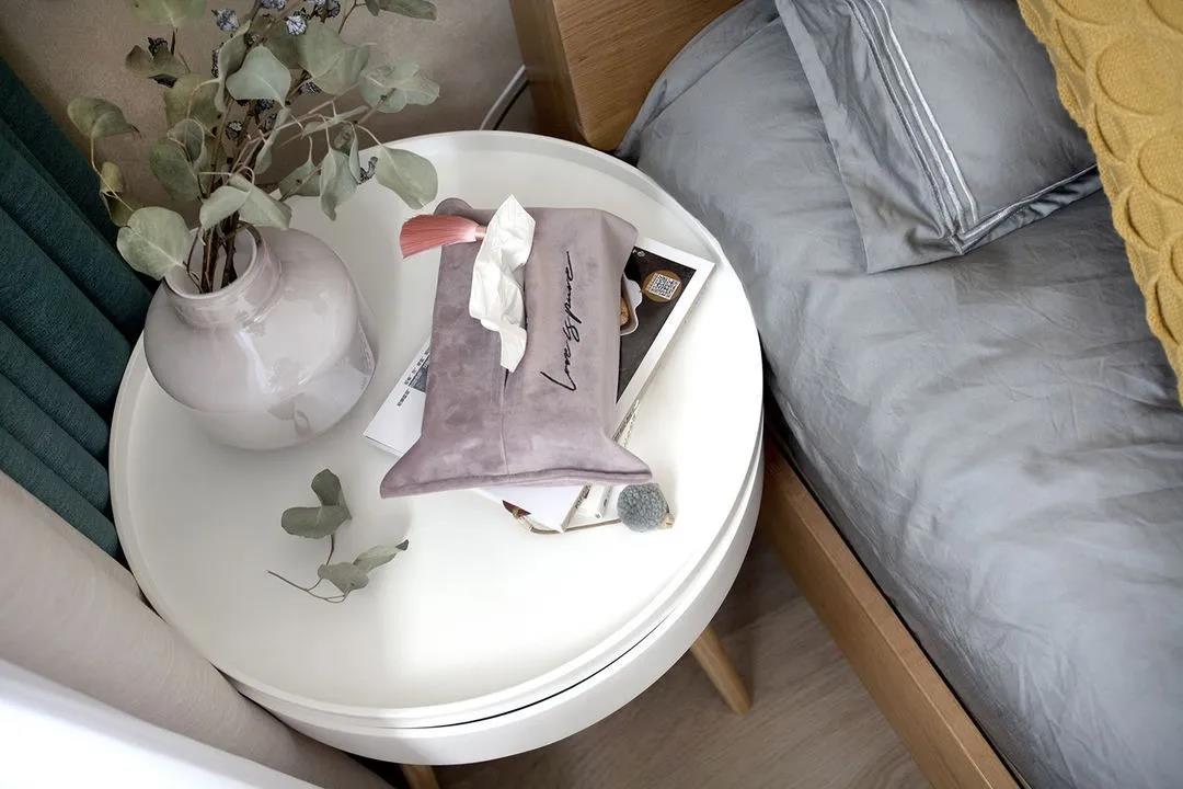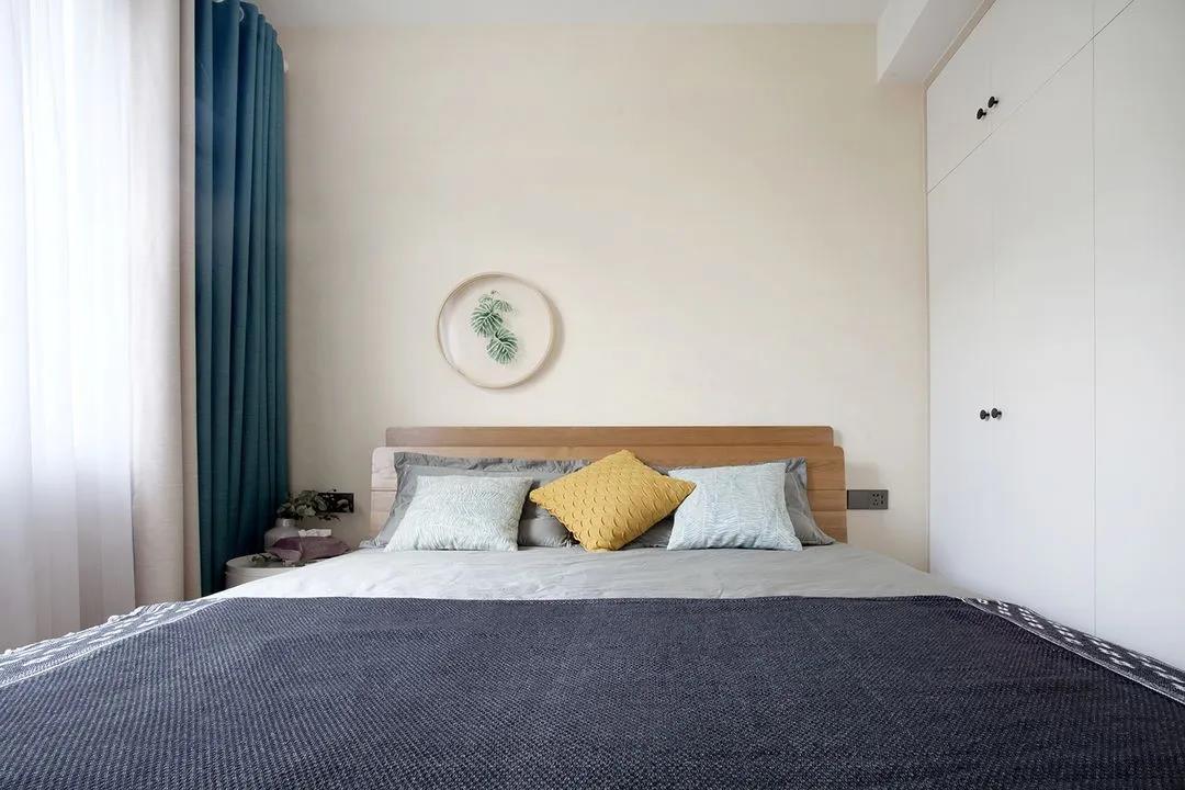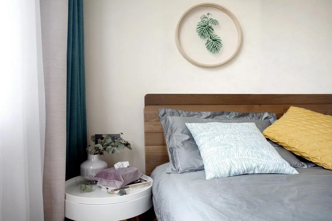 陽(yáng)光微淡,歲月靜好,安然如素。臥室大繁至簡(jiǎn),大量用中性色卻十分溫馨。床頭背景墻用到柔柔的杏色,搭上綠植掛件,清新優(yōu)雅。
---
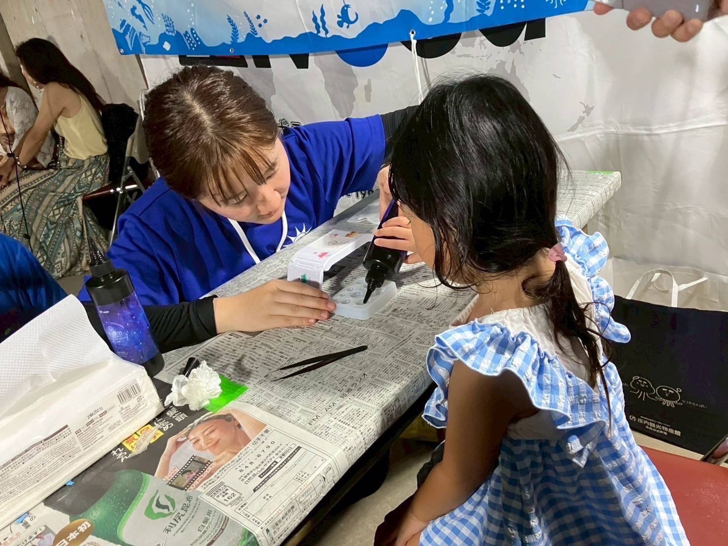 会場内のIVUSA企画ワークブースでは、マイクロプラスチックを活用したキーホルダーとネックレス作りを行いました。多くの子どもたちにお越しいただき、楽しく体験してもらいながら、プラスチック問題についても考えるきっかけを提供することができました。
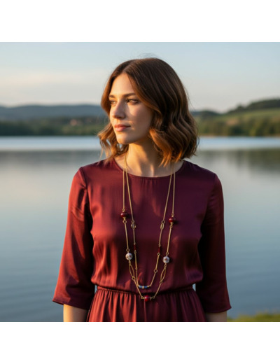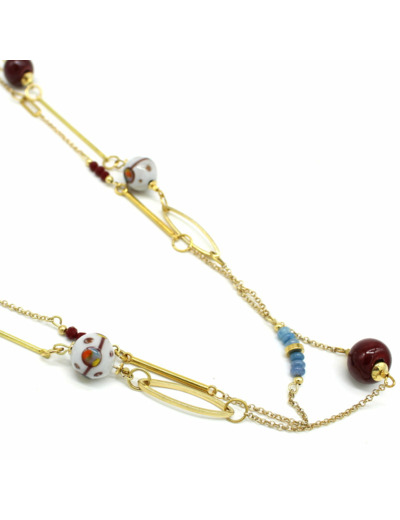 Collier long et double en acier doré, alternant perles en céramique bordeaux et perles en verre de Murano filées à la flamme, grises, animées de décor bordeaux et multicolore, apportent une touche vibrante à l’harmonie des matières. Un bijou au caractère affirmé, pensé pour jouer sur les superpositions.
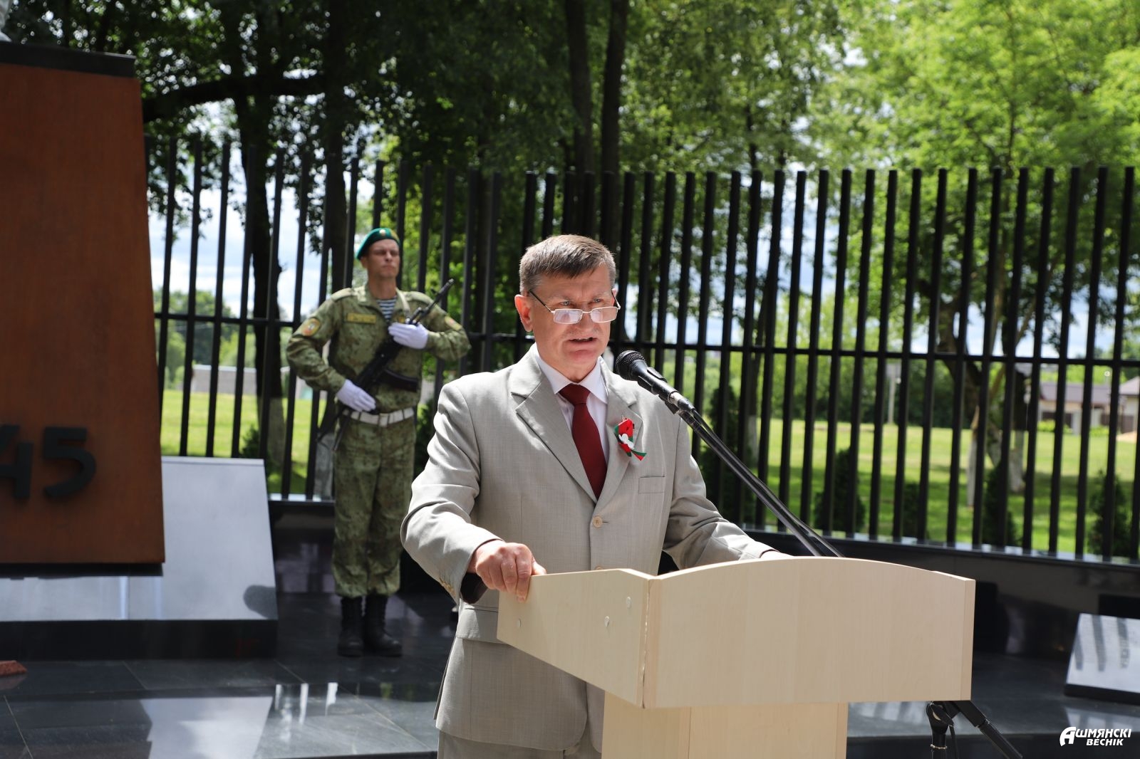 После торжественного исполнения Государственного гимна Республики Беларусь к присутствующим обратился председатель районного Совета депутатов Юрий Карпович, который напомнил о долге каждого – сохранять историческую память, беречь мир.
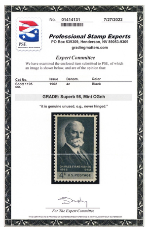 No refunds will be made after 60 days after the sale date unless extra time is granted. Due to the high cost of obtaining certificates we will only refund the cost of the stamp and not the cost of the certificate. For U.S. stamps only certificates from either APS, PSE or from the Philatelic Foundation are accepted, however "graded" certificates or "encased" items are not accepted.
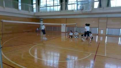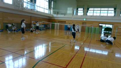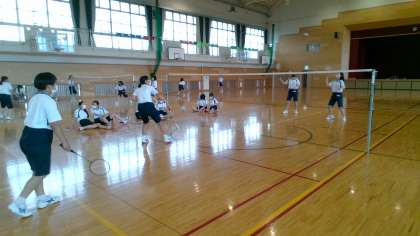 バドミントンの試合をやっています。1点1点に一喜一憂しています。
---
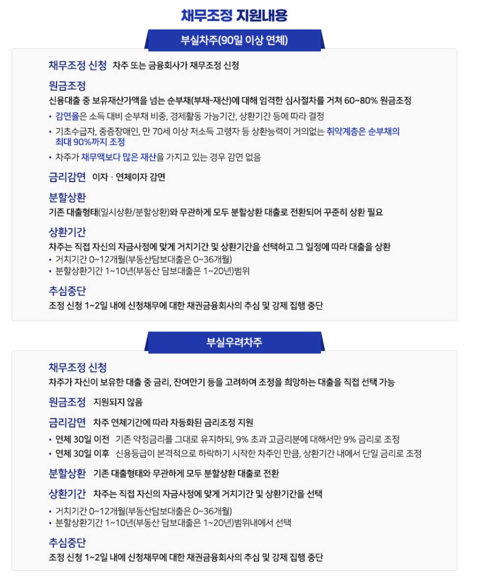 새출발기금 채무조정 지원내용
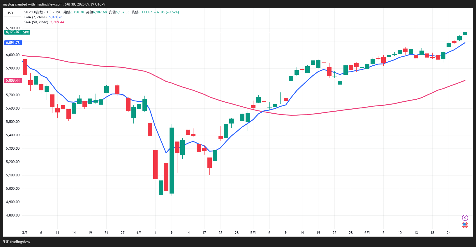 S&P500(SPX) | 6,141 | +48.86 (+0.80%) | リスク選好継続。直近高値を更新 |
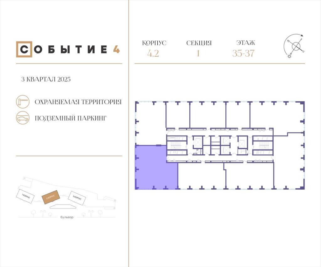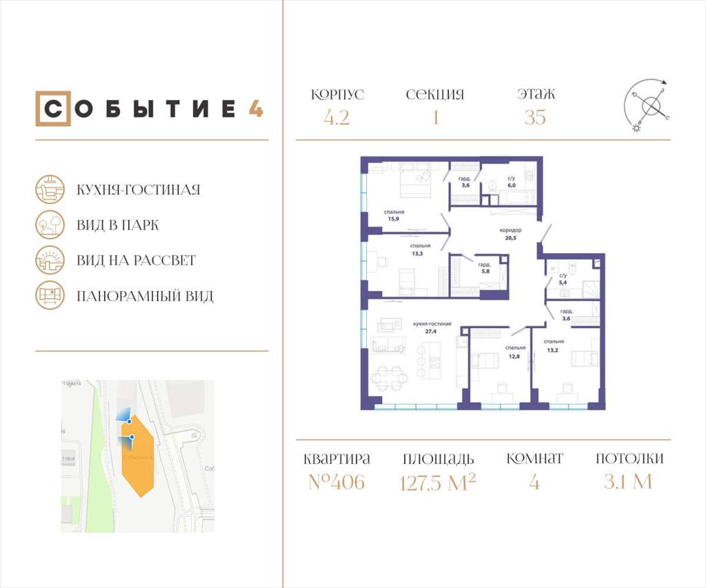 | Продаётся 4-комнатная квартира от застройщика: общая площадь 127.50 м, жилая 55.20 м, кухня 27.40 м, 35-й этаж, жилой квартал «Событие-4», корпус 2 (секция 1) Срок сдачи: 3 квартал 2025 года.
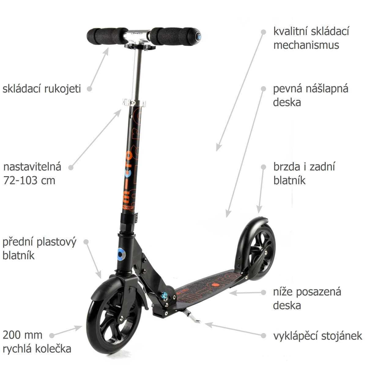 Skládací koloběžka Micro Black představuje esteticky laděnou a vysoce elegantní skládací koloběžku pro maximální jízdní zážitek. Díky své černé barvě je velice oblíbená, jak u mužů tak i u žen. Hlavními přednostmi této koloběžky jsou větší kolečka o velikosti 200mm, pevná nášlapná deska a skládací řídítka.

ACTION ITEM →
Excluding any pictures, print exactly the lines of the listing above from the line with "Collier long et" to the line with "バドミントンの試合をやっています。1点1点に一喜一憂しています。", both ends included.

SOLUTION BELOW →
 Collier long et double en acier doré, alternant perles en céramique bordeaux et perles en verre de Murano filées à la flamme, grises, animées de décor bordeaux et multicolore, apportent une touche vibrante à l’harmonie des matières. Un bijou au caractère affirmé, pensé pour jouer sur les superpositions.
 После торжественного исполнения Государственного гимна Республики Беларусь к присутствующим обратился председатель районного Совета депутатов Юрий Карпович, который напомнил о долге каждого – сохранять историческую память, беречь мир.
 No refunds will be made after 60 days after the sale date unless extra time is granted. Due to the high cost of obtaining certificates we will only refund the cost of the stamp and not the cost of the certificate. For U.S. stamps only certificates from either APS, PSE or from the Philatelic Foundation are accepted, however "graded" certificates or "encased" items are not accepted.
 バドミントンの試合をやっています。1点1点に一喜一憂しています。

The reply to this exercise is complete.